The robots are coming to take our jobs. Let's find out which direction they're coming from and line up the courier drivers as our human shields.
Except for Simon. I just met Simon the courier driver. He's the only one who deserves to be saved from the robots.
There is a fortune to be made in giving the courier industry a shake up. It's not rocket science. All you do is take the Uber app - this shouldn't be difficult given how good courier companies are at taking other people's things - and modify it for courier drivers.
Alert! A notification pops up on your phone. A parcel has arrived for you. Please choose from the following times when you would like it delivered.
Please, God, tell me someone in New Zealand Post has thought of this as a way to save the company from its own inability to deliver parcels at a time suiting the customer, no doubt in some way contributing to the loss of 500 jobs.
The robots are coming for NZ Post. Anyone who suggests we pour money into NZ Post to keep it the way it is gets to join the courier drivers in the human shield.
I love the thought of six-day-a-week mail delivery but the bills that arrive once a month, the quarterly rates and the annual birthday card from Aunty Ngita don't justify the cost.
The robots came for the horse and cart drivers in the 1920s, they came for the telephone switchboard operators in the 1960s, they're busy feasting on check-out operators right now.
They're coming to take 46 per cent of the jobs we do.
The robots sound terrifying but their arrival isn't a bad thing.
Why spend eight hours developing carpal tunnel syndrome from scanning item after item at the check out?
Instead, you can spend eight hours monitoring the suckers scanning their own groceries and only interact to demand their IDs when, yes, you know they've been buying liquor legally for 20 years but you just didn't like the cut of their jib.
Sure, there will be fewer check-out jobs, but there will always be jobs.
Just ask Mercedes. It turned out you can't make bespoke cars with robots alone, so you have to hire some people to do the fiddly bits.
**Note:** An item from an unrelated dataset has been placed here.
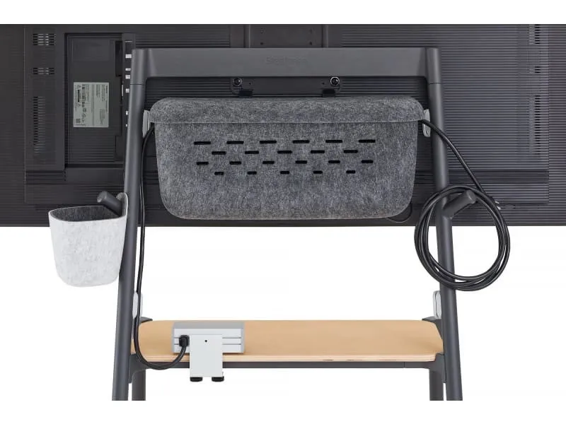 Die optionale Konfiguration des Media Baskets ergänzt die bereits vorhandene Stromversorgung durch drei weitere Stromanschlüsse im Media Basket selbst. Alle Kabel können ordentlich und unsichtbar ebenfalls darin untergebracht werden. Dies beseitigt nicht nur Stolperfallen, sondern schafft auch eine aufgeräumte und professionelle Präsentationsumgebung. Auch ohne den Media Basket ist die Grundfunktion der Kabelsicherung am Wagen gewährleistet. Der Steelcase Flex Media Wagen verfügt standardmäßig über eingebaute Haken am Rahmen. Diese Haken sind Teil des grundlegenden Kabelmanagements des Wagens und ermöglichen es, das Netzkabel und auch andere Displaykabel bei Nichtgebrauch ordentlich aufzurollen und zu befestigen. Dadurch wird verhindert, dass das Kabel lose auf dem Boden liegt und eine Stolperfalle darstellt.

When the robots come, I'm saving Simon. Simon is the only decent and kind human in the courier business.
He popped his smiling face over my fence and told me he had a plan so I wouldn't have to miss my parcel next time.
If it suited me, he was going to put the next parcel just here, even if I wasn't home.
That's what he did next time.
But, I might not need to save Simon from the robots.
He's probably going to invent the app that saves the courier business.